Джеффри «нашел статью длинной и многословной, хотя и не отрицал, что «она содержит много красоты и изящества слога». Он настаивал на том, что ее нужно сократить», и получил разрешение от Карлейля внести некоторые изменения[8]. «Когда пришли корректурные листы, Карлейль обнаружил, что «первая часть изрезана в клочья — тело четвероногого с головой птицы, человек, укороченный путем вырезания бедер и прикрепления коленных чашечек к бедрам»[9]. Он отказался позволить ей появиться «в таком ужасном виде». Он заменил самые важные отрывки и вернул листы с намеком на то, что статью можно аннулировать, но нельзя уродовать. Мало кто из редакторов был бы столь терпим, как Джеффри, когда ему так дерзко бросали вызов. Он жаловался, но смирился. Он признал, что статья сделает честь «Обозрению», хотя влиятельные люди, чьи рты он мог бы закрыть, назовут ее утомительной и растянутой. Он хотел быть полезным Карлейлю, скрыв в «Обозрении» его манерность и аффектацию, но если Карлейль настаивал, он мог поступить по-своему.
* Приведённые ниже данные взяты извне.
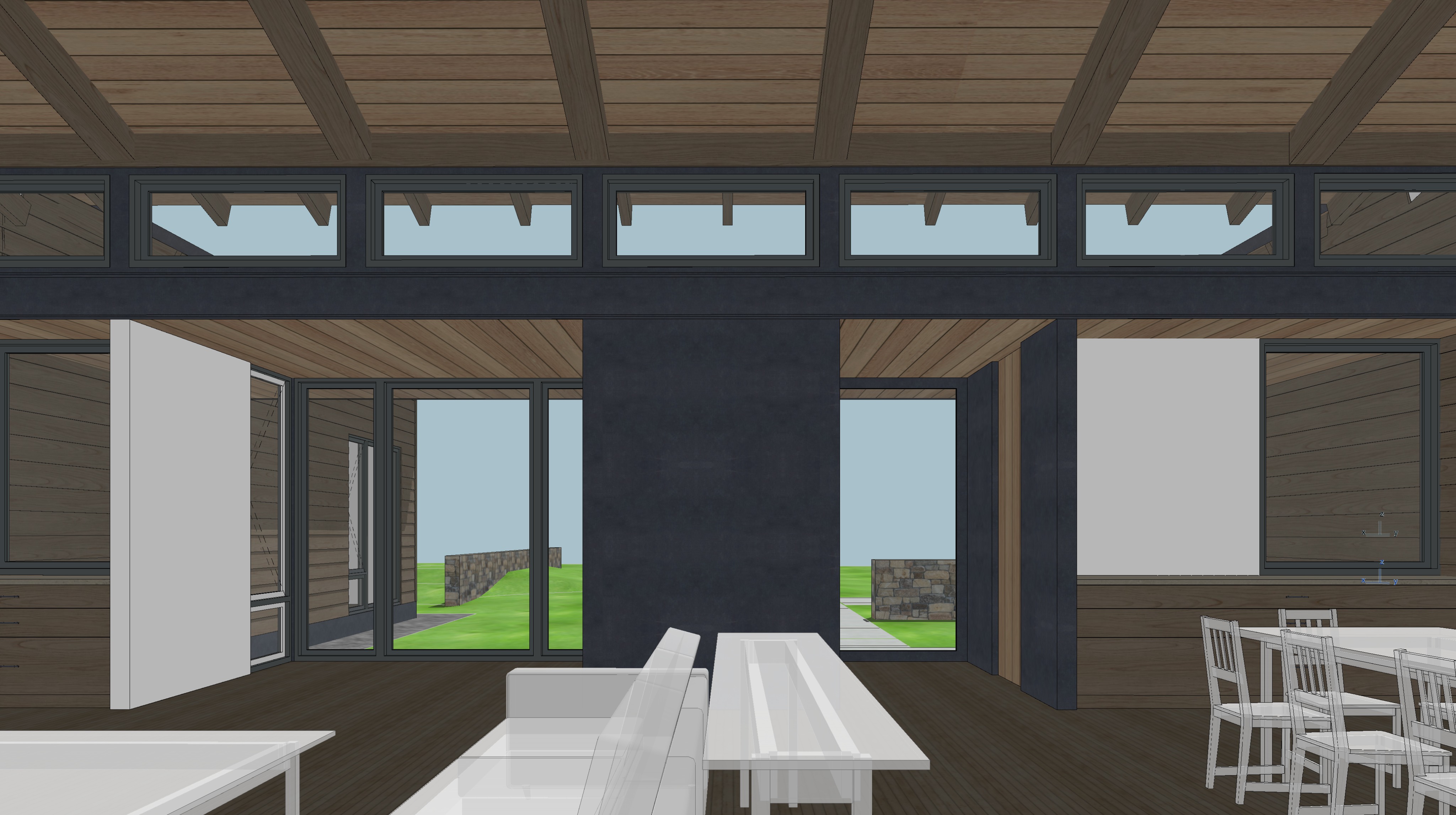 white oak table and chairs fabric couch wild mountain grasses outside mountains close in the background

«Карлейль был тронут; такая доброта была больше, чем он ожидал. За гордым самоутверждением последовали смирение и почти раскаяние, и мягкий тон, в котором он писал, в свою очередь покорил Джеффри. Джеффри сказал, что он восхищается и одобряет письмо Карлейля к нему во всех отношениях. «Искренность и добрый нрав», проявленные в нем, заслуживали высшей похвалы. «Ваши добродетели — ваши собственные, — сказал Джеффри, — и вы получите все, что захотите»[10].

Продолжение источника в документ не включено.